If `I(m,n)=int_0^1x^(m-1)(1-x)^(n-1)dx`, then

To solve the integral \( I(m,n) = \int_0^1 x^{m-1} (1-x)^{n-1} \, dx \), we will use a substitution method to transform the integral into a more manageable form. ### Step-by-Step Solution: 1. **Substitution**: Let \( x = \frac{1}{1+y} \).
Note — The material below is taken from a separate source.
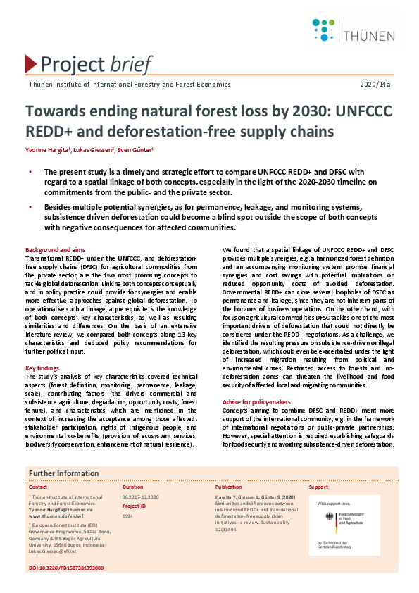 Towards ending natural forest loss by 2030: UNFCCC REDD+ and deforestation-free supply chains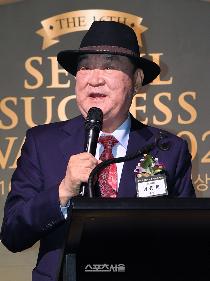 그래미 남종현 회장이 25일 서울 중구 그랜드 하얏트 서울 호텔에서 진행된 ‘제16회 서울 석세스 대상’에서 사회공헌대상을 수상한 뒤 소감을 밝히고 있다.

Then, we need to find \( dx \) in terms of \( dy \). \[ dx = -\frac{1}{(1+y)^2} \, dy \] When \( x = 0 \), \( y \to \infty \) and when \( x = 1 \), \( y = 0 \). 2. **Change of Limits**: The integral changes from: \[ I(m,n) = \int_0^1 x^{m-1} (1-x)^{n-1} \, dx \quad \text{to} \quad I(m,n) = \int_\infty^0 \left( \frac{1}{1+y} \right)^{m-1} \left( 1 - \frac{1}{1+y} \right)^{n-1} \left(-\frac{1}{(1+y)^2}\right) dy \] 3. **Simplifying the Integral**: The expression \( 1 - \frac{1}{1+y} = \frac{y}{1+y} \) leads to: \[ I(m,n) = \int_\infty^0 \left( \frac{1}{1+y} \right)^{m-1} \left( \frac{y}{1+y} \right)^{n-1} \left(-\frac{1}{(1+y)^2}\right) dy \] This simplifies to: \[ I(m,n) = \int_0^\infty \frac{y^{n-1}}{(1+y)^{m+n}} \, dy \] 4. **Final Form**: The integral now has the form: \[ I(m,n) = \int_0^\infty \frac{y^{n-1}}{(1+y)^{m+n}} \, dy \] 5. **Conclusion**: Thus, we find that: \[ I(m,n) = \int_0^\infty \frac{x^{n-1}}{(1+x)^{m+n}} \, dx \] ### Final Answer: The correct expression for \( I(m,n) \) is: \[ I(m,n) = \int_0^\infty \frac{x^{n-1}}{(1+x)^{m+n}} \, dx \]